Barenboim ist ein Traditionalist im besten Sinne. Die historische Aufführungspraxis berührt seine Interpretation ebenso wenig wie das Streben nach immer schnelleren Tempi. Mit großer Sorgfalt breitet der 78-Jährige das musikalische Material aus, lässt die Musikerinnen und Musiker jede Nuance der Themen und Motive auskosten, achtet penibel auf das musikalisch atmende Zusammenspiel. Und wenn er sich nach der langen Orchestereinleitung selbst an den Flügel setzt, kann er sicher darauf vertrauen, dass seine jungen Musikerinnen und Musiker ihm auch ohne permanente Zeichengebung folgen würden.

Barenboim hatte seinen eigenen Flügel mit nach Bonn gebracht.

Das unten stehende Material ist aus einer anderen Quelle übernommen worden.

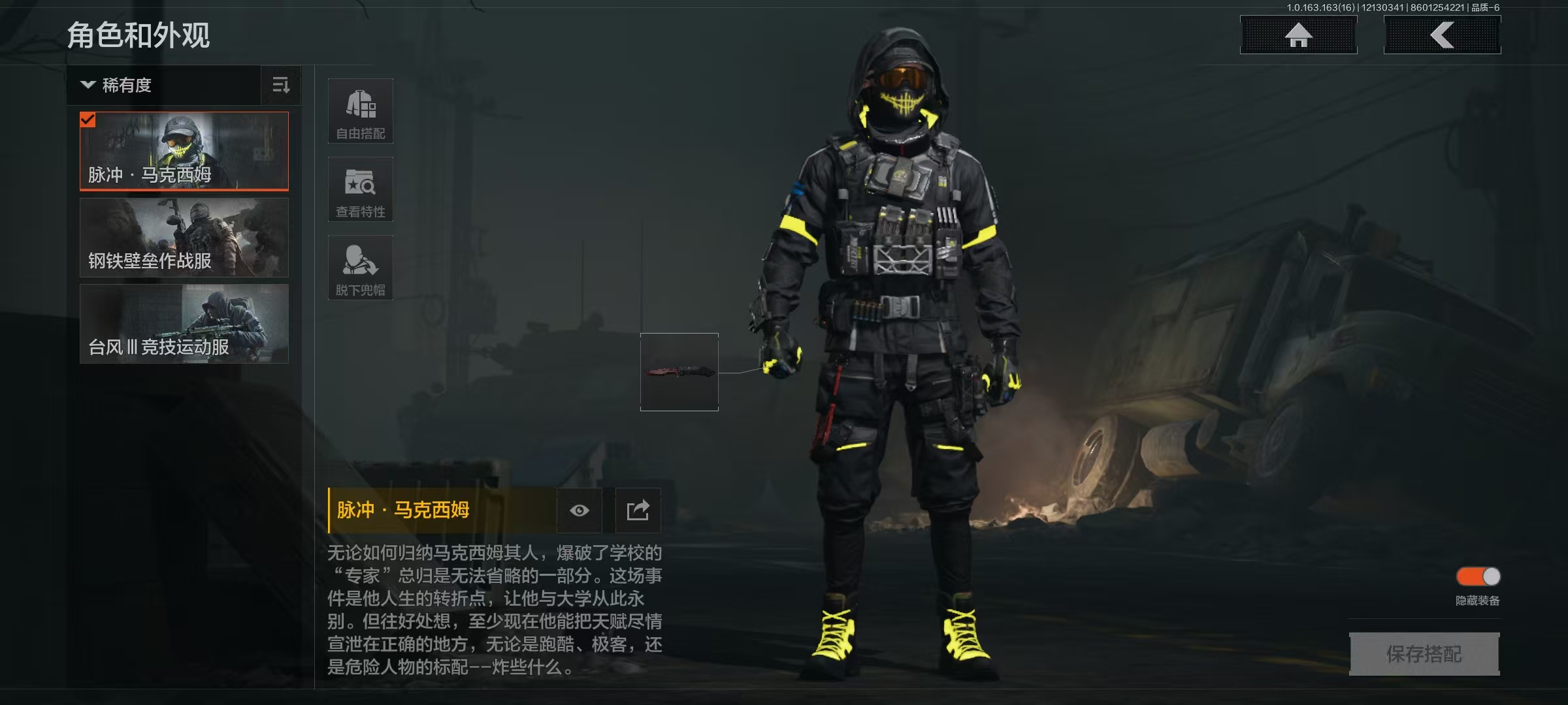 -30级,刀皮6,金枪皮3,紫枪皮39,历史最高段位:暗区传说【角色皮肤】:脉冲马克西姆,钢铁壁垒作战服,台风IV竞技运动服;【上衣】:少前联动AK15;【近战武器】:盘牙彻甲短刃,明刀绣春,冬日冰镐,瑞兔折刀,工兵铲,来战开山刀;【突击步枪】:包络战术AKM,骑士之剑AKM,逆火玄石AKM,棱光裂变AKM,潜渊蛇鳞M4A1,德尔塔小队M4A1,竞技M4A1,竞技MDR,北国内卫MDR,德尔塔小队H416,火绒草AUG,战术大师AK74N,最后防线AKS74U,钢铁真理F2000,炎夏浪花AR57,竞技AR57,棱光裂变ACE31,骑士之剑ACE31,粉绒臻选AN94,北国内卫AN94,巡林客T951,突变系谱T951,利齿风暴T03,迅影毒锋AK12,典礼武备MCX;【冲锋枪】:利齿风暴MPX,龙威MP5,代号天依P90,利齿风暴T79,战术大师Suomi;【射手步枪】:旧王圣谕VSS,玄戈梨花VSS,战术大师SVDS,伦琴计量SVDS,典礼武备MK14,快乐游戏M110;【栓动步枪】:棱光裂变莫辛,战术大师SJ16,骑士之剑SJ16;【轻机枪】:典礼武备M249;【卡宾枪】:粉绒臻选SKS,战术大师SKS

Ein Instrument, das nach seinen Wünschen und Klangvorstellungen entwickelt wurde und sich optisch vor allem durch die parallel aufgezogenen Saiten von anderen modernen Konzertflügeln unterscheidet. Vorbild sind Instrumente des 19. Jahrhunderts, doch der Klang des „Barenboim“ ist gleichwohl kräftig und brillant, erlaubt aber auch eine Wärme in der Tongebung, die Barenboims Spiel  sehr entgegenkommt.

Sein Spiel wirkte in jedem Augenblick inspiriert, jeder Lauf, jeder Sprung saß absolut sicher, jede ausformulierte Melodie wurde zum Genuss. Sowohl im ersten Satz mit einer wunderbar gespielten Kadenz als Höhepunkt, wie auch in dem himmlischen zweiten Satz und dem nicht zu schnellen und doch sehr tänzerischen Finalsatz. Wie gerne hätte man danach den Applaus gehört!

Auch bei der fünften Sinfonie musste man darauf verzichten. Dennoch erlebte man durch Barenboim und seine fantastischen Musiker diese Sinfonie als wunderbare Reise von der Nacht zum Licht und wurde Zeuge eines echten Hörabenteuers. Dabei legten Barenboim und sein Orchester es nicht auf Effekte an, sondern wie schon beim Klavierkonzert auf ein wunderbar ausgewogenes Musizieren, das die dramaturgische Entwicklung des Werks sehr nachvollziehbar aufzeigte. Beim berühmten Beginn klopfte das Schicksal wuchtig an die Pforte, woraus sich ein temperamentvolles Wechselspiel der verschiedenen Instrumentengruppen ergab. Ein triumphierender Hornruf war da ebenso zu vernehmen wie eine herrlich kadenzierende Oboe. Auch im zweiten Satz gefielen die Holzbläser, die Barenboim perfekt aufeinander abgestimmt hatte. Und die tiefen Streicher im Fugato des dritten Satzes machten ebenso eine gute Figur wie das strahlende Blech im Finale. So darf das Jubiläumsjahr gerne in die Verlängerung gehen!  

Das Konzert ist noch bis zum 15. Februar 2021 in der 3sat-Mediathek zu sehen.